Instructions for the task:
Drop every image, then reproduce the data exactly as given.

Data excerpt:
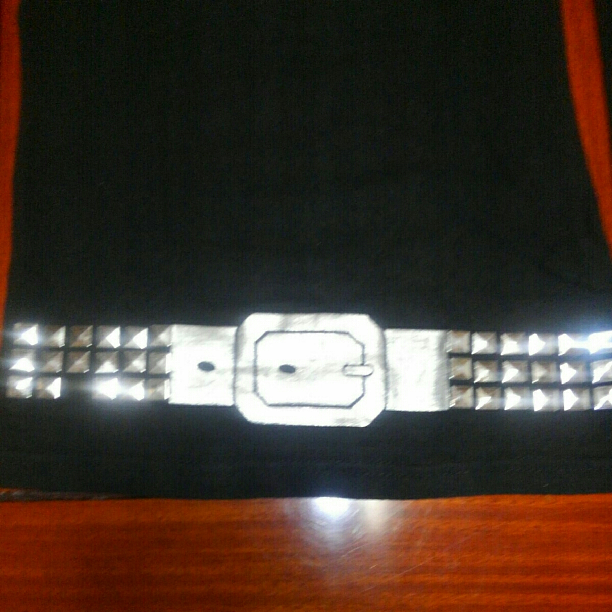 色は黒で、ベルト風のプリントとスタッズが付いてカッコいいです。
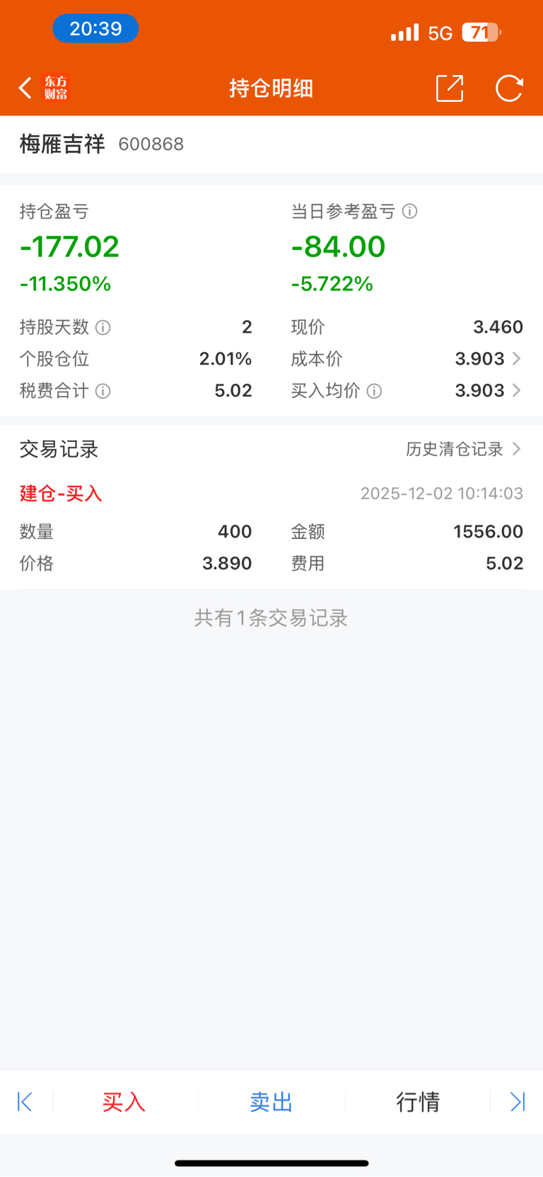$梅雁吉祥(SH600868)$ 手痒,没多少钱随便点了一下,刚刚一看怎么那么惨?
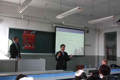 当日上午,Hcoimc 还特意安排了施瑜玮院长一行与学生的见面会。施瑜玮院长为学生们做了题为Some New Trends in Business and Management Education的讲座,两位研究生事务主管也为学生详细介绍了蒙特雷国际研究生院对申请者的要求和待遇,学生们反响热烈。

Solution to this exercise:
 色は黒で、ベルト風のプリントとスタッズが付いてカッコいいです。
$梅雁吉祥(SH600868)$ 手痒,没多少钱随便点了一下,刚刚一看怎么那么惨?
 当日上午,Hcoimc 还特意安排了施瑜玮院长一行与学生的见面会。施瑜玮院长为学生们做了题为Some New Trends in Business and Management Education的讲座,两位研究生事务主管也为学生详细介绍了蒙特雷国际研究生院对申请者的要求和待遇,学生们反响热烈。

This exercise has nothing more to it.